Walking has been found to be the most effective exercise for claudication, with the initial treadmill speed set at a level to initiate claudication pain within 3 to 5 minutes (24). Walking should occur at this workload until claudication of moderate severity occurs, followed by resting in a seated or standing position until the claudication is resolved. This intermittent exercise pattern should be repeated until a minimum of 35 minutes of walking time is accumulated per exercise session. Once the ability to obtain 35 total minutes of exercise in a given session has occurred, progression of the exercise program should include a goal to increase walking time by 5 minutes per session until a total walking time of 50 minutes is achieved (24). Progression of exercise also should occur if walking time exceeds 10 minutes before the onset of claudication (5). Initial changes in intensity should come from increasing walking speed if less than 2 mph, however, for those walking at speeds greater than 2 mph, an increase in walking grade also can be used (5). Walking should occur 3 to 5 times per week, with an additional goal to increase physical activity performed throughout the day.
Aside from a reduction in functional capacity, many patients with claudication experience a loss of muscle mass, strength, and endurance, further exacerbating their physical impairment (20). Although resistance training has traditionally been recommended for use as a rehabilitative exercise for other cardiovascular diseases, the use of resistance training has shown less benefit on intermittent claudication symptoms when compared with treadmill exercise training (8).

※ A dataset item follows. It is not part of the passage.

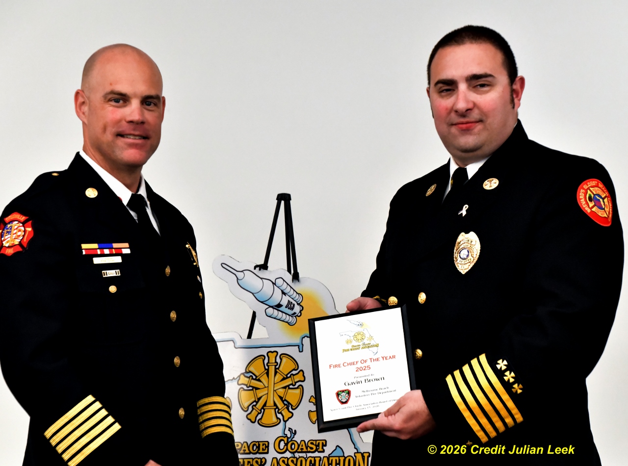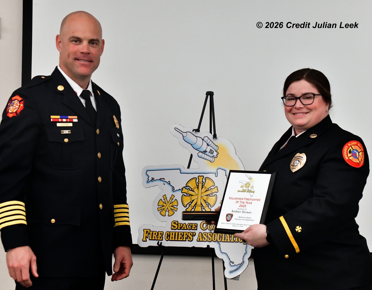 Last week, three members of the Melbourne Beach Volunteer Fire Department were recognized by the Space Coast Fire Chiefs' Association during their annual awards ceremony. Fire Chief Gavin Brown was awarded Fire Chief of the Year, Fire Chief Dave Micka (Ret.) was awarded Fire Marshal of the Year, and Lieutenant Amber Brown was awarded Volunteer Firefighter of the Year. This is the first time that MBVFD has received Fire Chief and Fire Marshal of the Year, and it is also the first time that any Space Coast volunteer fire department has received Fire Chief of the Year. This is also only the second time that a MBVFD member has received Volunteer Firefighter of the Year.

In addition, the combination of resistance training exercise and treadmill exercise does not provide additional benefit to walking ability beyond treadmill walking alone (8,17).
Because PAD has similar risk factors as other cardiovascular diseases, an increase in the availability of supervised rehabilitation programs is necessary to provide the most optimal postdiagnosis care. In fact, because of the growing recognition of the adverse effect of claudication on functional capacity and quality of life and the positive effect that exercise training can have on claudication, a Current Procedural Terminology code (93668) has been available since 2001 for exercise rehabilitation (5). Unfortunately, participation by those with PAD is often limited by significant barriers (5,19) (see Table), resulting in a utilization rate that is less than half of those affected by the disease (2). It should be the goal of the exercise professional, particularly those involved in cardiac rehabilitation programs, to raise awareness among physicians and the lay population regarding the benefits of rehabilitation in those with claudication.
Similar to those who have claudication, asymptomatic patients with PAD also are at a high risk for functional decline. Although the data are somewhat limited, self-directed walking programs have shown an ability to reduce the functional decline in patients with PAD, regardless of symptoms (15). As claudication is present in only 15% to 50% of those with PAD (10,21), significant benefits could be achieved by screening for and identifying those asymptomatic individuals who have PAD and who may benefit from walking exercise (15). The identification of PAD at its earliest stage and encouragement to participate in a walking program, whether claudication is present or not, could lead to improved functional and cardiovascular outcomes, enhanced patient compliance, and lowered health care costs (12,15). Many cardiac rehabilitation centers have the capability to accommodate patients with PAD, providing them with an environment that is conducive to a lifestyle change that emphasizes long-term compliance with exercise and risk factor modification (24). Not only will this provide benefits to those who have the disease, but also provide an additional revenue stream to the rehabilitation center, allowing for better use of staff and resources.